In scaling law experiments we find that Param (simple) stabilizes the optimal learning rate as model size increases, although extrapolating to very significantly deeper and/or larger models does exhibit a slight left-shift beyond what is accounted for. 在缩放定律实验中,我们发现 Param (simple) 可以稳定模型增大时的最佳学习率,尽管向更深和/或更大的模型外推时会出现略微的左移,超出了所预计的范围。
A prompt may consist of the most recent user instruction as well as all previous usermodel-system interactions. 提示可能包含最近一次用户指令以及所有先前的用户-模型交互。

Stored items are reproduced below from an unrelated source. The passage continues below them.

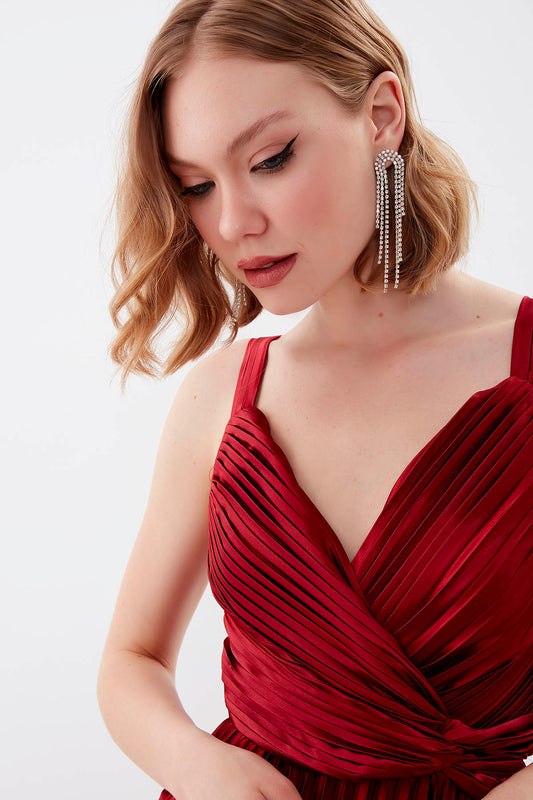 LONG SATIN DRESS WITH DEEP V CLEAVAGE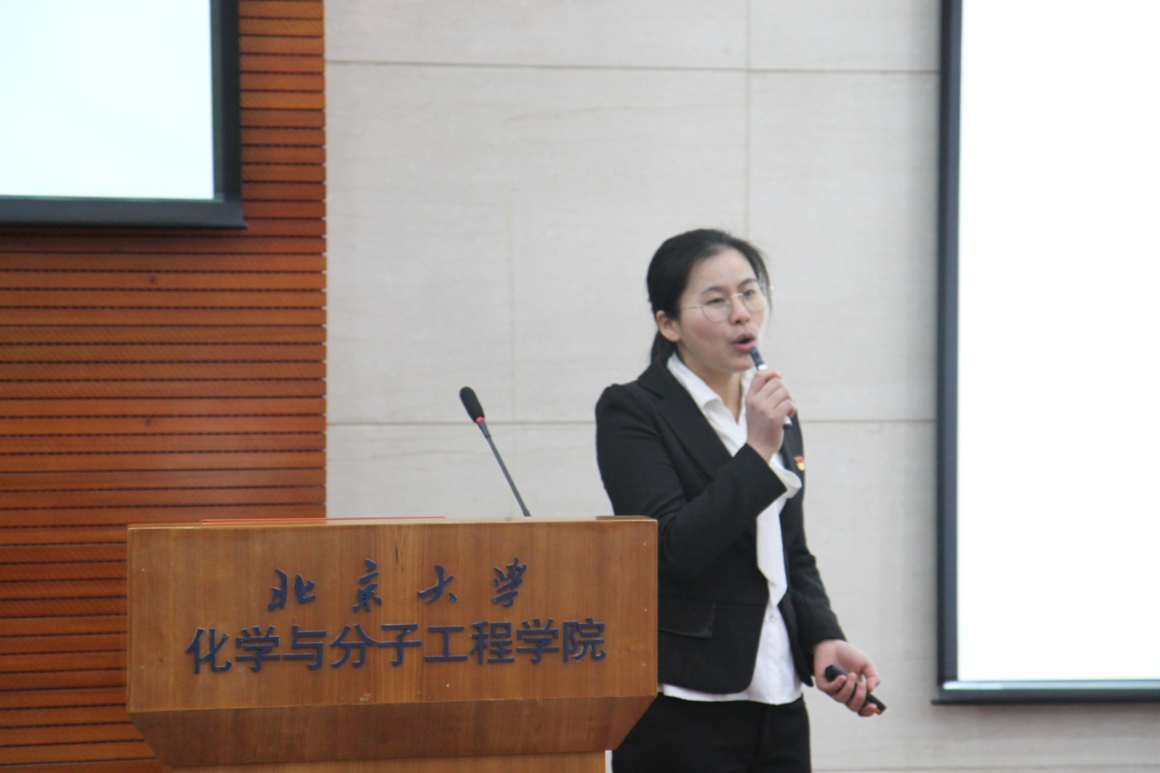2014级研究生顾春晖同学作为学术科研代表,在博士期间发表高水平SCI论文12篇,其中第一作者7篇,获得了研究生国家奖学金、化学之星、北京大学三好学生等多项奖励。他向同学们介绍了“要”成果、“拼”成果和“熬”成果的艰辛却丰富的科研经历,也展现了自己在音乐、绘画、摄影等方面的闲情逸致。顾春晖同学告诉大家,作为化学学院几百名普通人之一,坚守自己的本职工作、坚守科研的信念、坚守一名普通人的幸福,即使未曾有过大放异彩的青春,还是能收获精彩且有意义的人生。他向大家展现了一个严谨求实、爱好广泛的学术科研代表的风采。化学学院党委副书记赵美萍为顾春晖同学颁发了学术科研榜样的奖状和奖杯。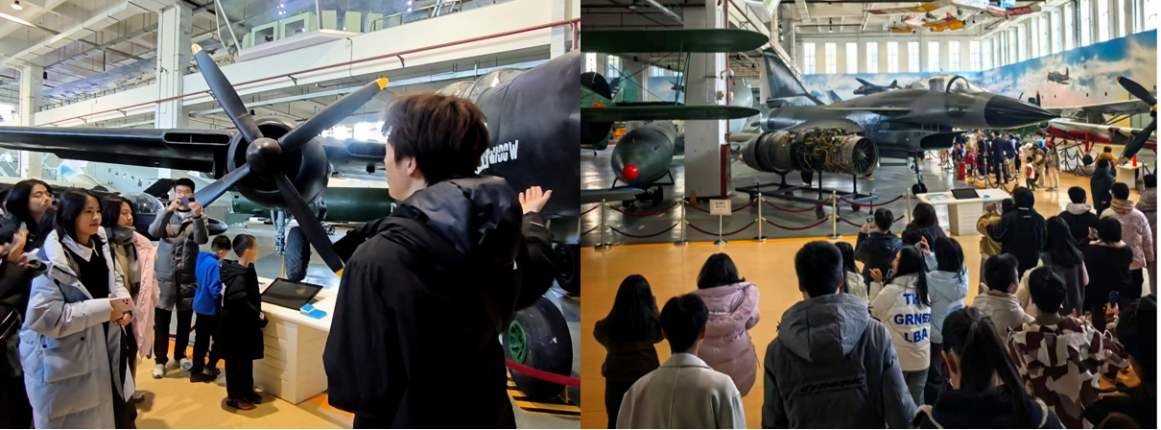 航空博物馆。在一架架承载时代记忆的飞机前,在一段段记录科技突破的历史中,同学们沉浸式回顾了我国航空航天事业的奋斗征程,深入了解了我国航空航天事业的发展成就。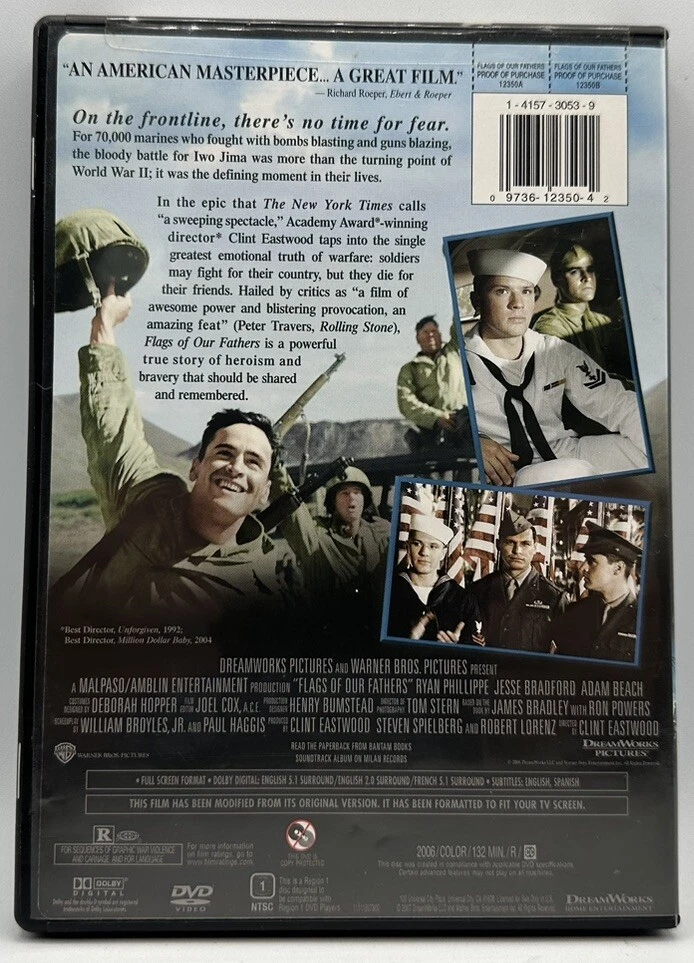 Experience the dramatic story of the American Civil War with "Flags of Our Fathers" on DVD. Directed by Clint Eastwood and starring Ryan Phillippe, Jesse Bradford, and Jamie Bell, this R-rated film is a must-see for history buffs and fans of drama alike. The DVD comes in a tall/DVD case and features both English and French language options, as well as subtitles in English and Spanish. This full-screen version of the movie has a run time of 132 minutes and is rated DVD: 1 (US, Canada...). The DVD is brought to you by DreamWorks and was released in 2007. Don't miss out on this cult-classic cinematic movement that tells the story of the American Civil War.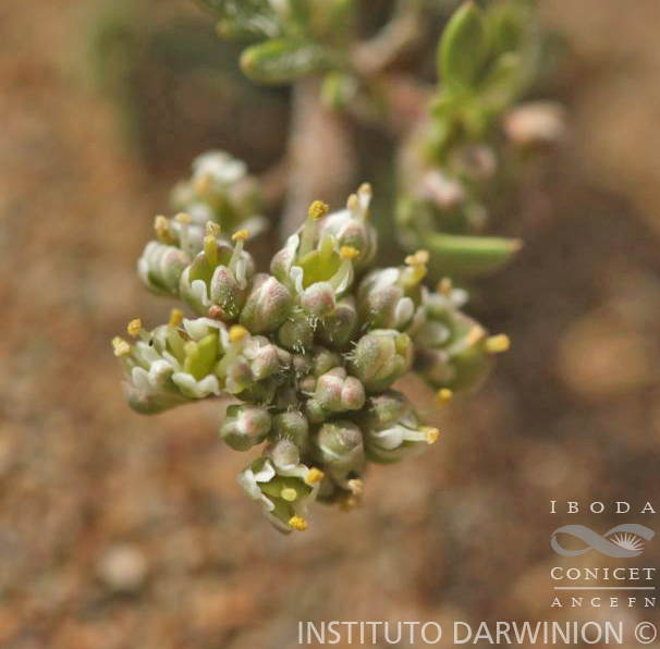 por la combinación de hábito perenne, ramas decumbentes, hojas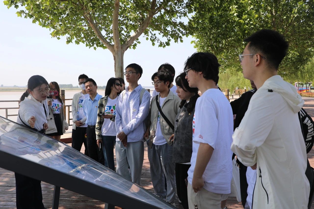 随后,实践团队来到黄河十八弯的最后一弯——东坝头,感受母亲河的波澜壮阔。团队成员站在毛泽东主席1952年视察时驻足的观河亭,在讲解员的讲述中,队员们了解了“宽河固堤”与“调水调沙”两大治黄方略,通过眺望河岸边绵延的生态廊道建设示范段,让同学们深切体会到退耕还湿、生态护坡等综合治理成效。这场跨越时空的眺望,既让青年学子感受到“黄河宁,天下平”的历史回响,更在新时代的绿色堤防与麦浪间,深刻体悟到中国共产党人“要把黄河的事情办好”的初心传承。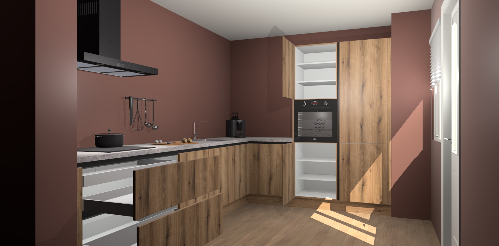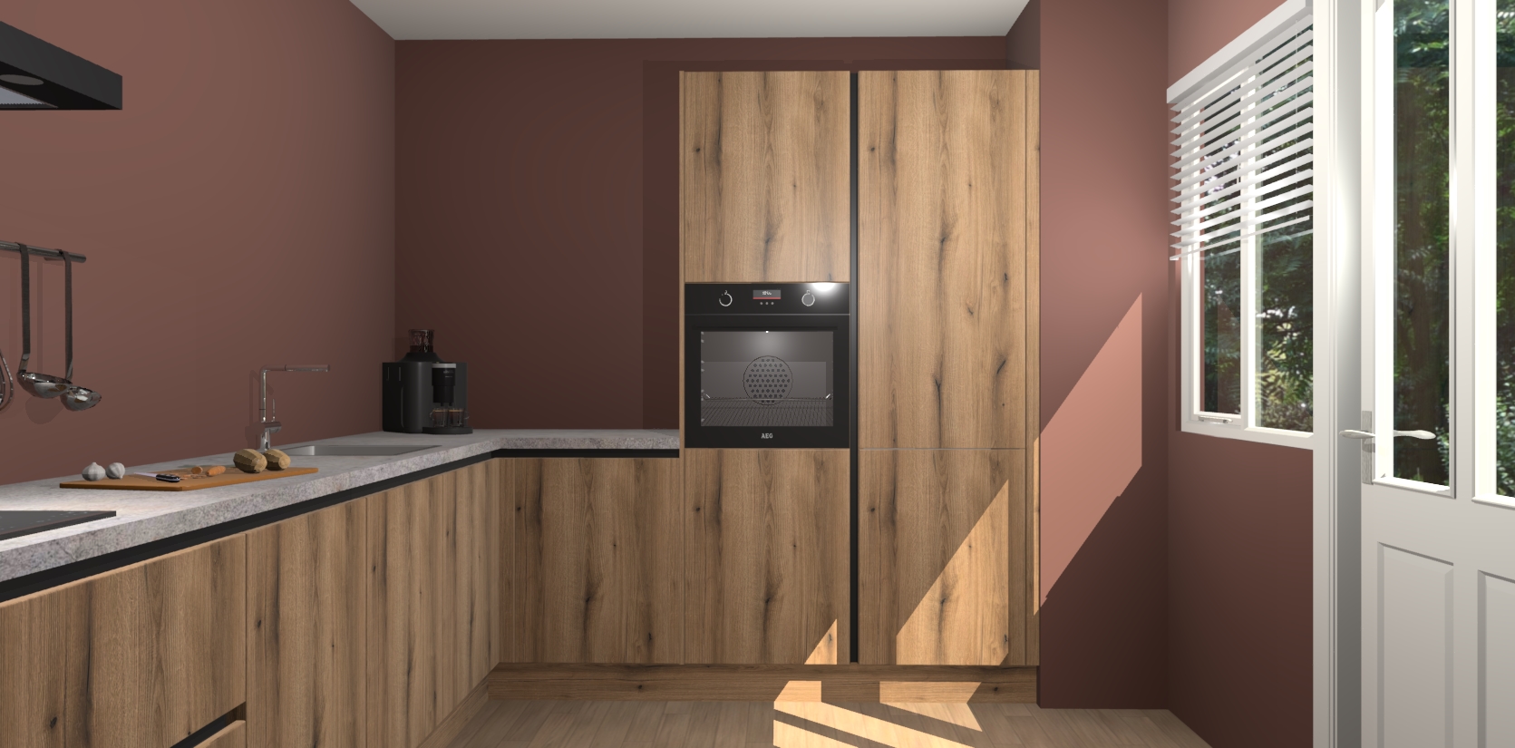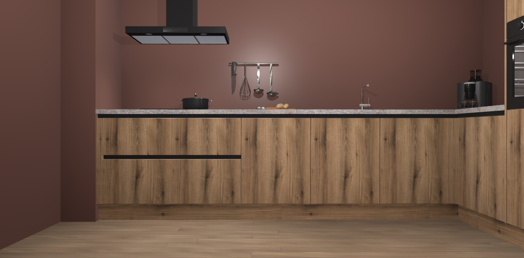 Welkom bij de Goud Eiken greeploze keuken Portland. Deze prachtige keuken zal de komende jaren het middelpunt van de belangstelling in uw huis zijn. Uitgerust met vijf inbouwapparaten komt u nooit kookgereedschap tekort. Bovendien geeft de warme houtlook elke ruimte een uitnodigende en tijdloze uitstraling.

We compared against the following model versions: gpt-3.5-turbo-0125, gpt-4-0125preview, Gemini-1.5-Pro-0514, DBRX Instruct, Phi-3-mini-4k-instruct, LLaMA 38 B Instruct, LLaMA 3 70B Instruct, Mistral-7B-Instruct-v0.2, Mixtral-8x22B-Instruct-v0.1, Gemma-1.12B, and Gemma-1.1-7B. 我们与以下型号版本进行了比较:gpt-3.5-turbo-0125、gpt-4-0125preview、Gemini-1.5-Pro-0514、DBRX Instruct、Phi-3-mini-4k-instruct、LLaMA 38 B Instruct、LLaMA 3 70B Instruct、Mistral-7B-Instruct-v0.2、Mixtral-8x22B-Instruct-v0.1、Gemma-1.12B 和 Gemma-1.1-7B。
Due to the choice of using GPT-4 as judge, the score of GPT-4 Turbo can be overestimated. 由于选择使用 GPT-4 作为评判者,GPT-4 Turbo 的分数可能会被高估。